ベルクグリューンは1948年からパリで画廊を営む傍ら、自分のためにも絵画を蒐集。それらを生まれ故郷ベルリンで公開したものをドイツ政府が購入し、2004年、収蔵した建物をベルクグリューン美術館と改称した。同美術館の改修を機に、収蔵品から97点が日本で公開されることとなった。

ベルクグリューンが蒐集したのは、ピカソ、マティス、クレー、ジャコメッティという20世紀美術を代表する4人の作品。画商が自分のために集めた作品とあって、大きくはないけれど手元に置いて日がな眺めていたくなるような、蒐集家の審美眼が光る逸品ぞろいだ。

深みのある赤を背景に、もの思わしげなサーカス芸人を描いたピカソの「座るアルルカン」。20世紀絵画の記念碑的作品となる「アビニョンの娘たち」のための習作として描かれた「女の頭部」も、黒人彫刻からインスピレーションを受けた力強い造形美を備えた小品だ。

キュビスム時代後期の静物画も魅力的なものが多い。セザンヌの影響から生まれ現代美術の扉を開いたこの運動だが、初期は理論先行で作品としての魅力は乏しい。しかし後期になると、今展の「青いギターのある生物」のような、装飾的な画面構成で色彩も豊かな作品が生まれる。ベルクグリューンは、キュビスムの美術史的な意義を理解しながらも、手元に置いて鑑賞する作品は、自分の審美眼と好みに従って集めたことが分かる。

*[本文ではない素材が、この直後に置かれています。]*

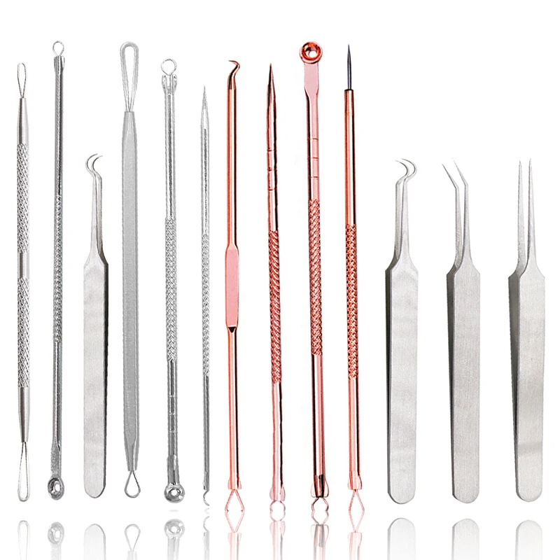 1 набор из нержавеющей стали прямые изогнутые иглы для удаления угрей зажимы Пинцет прыщей Комедон набор для удаления лица Очиститель

「緑のマニキュアをつけたドラ・マール」「黄色いセーター」などは、愛人のドラ・マールをモデルにしたもの。1人の女性を描くにしても、スタイル、イメージをさまざまに描き分けていたのには改めて驚かされる。それができたピカソはやはり天才と言うしかない。

ピカソと共にコレクションのもう一つの柱となったクレーの作品も34点が展示されている。一つ一ついわくありげで不思議な詩情が共通する魅力に思われた。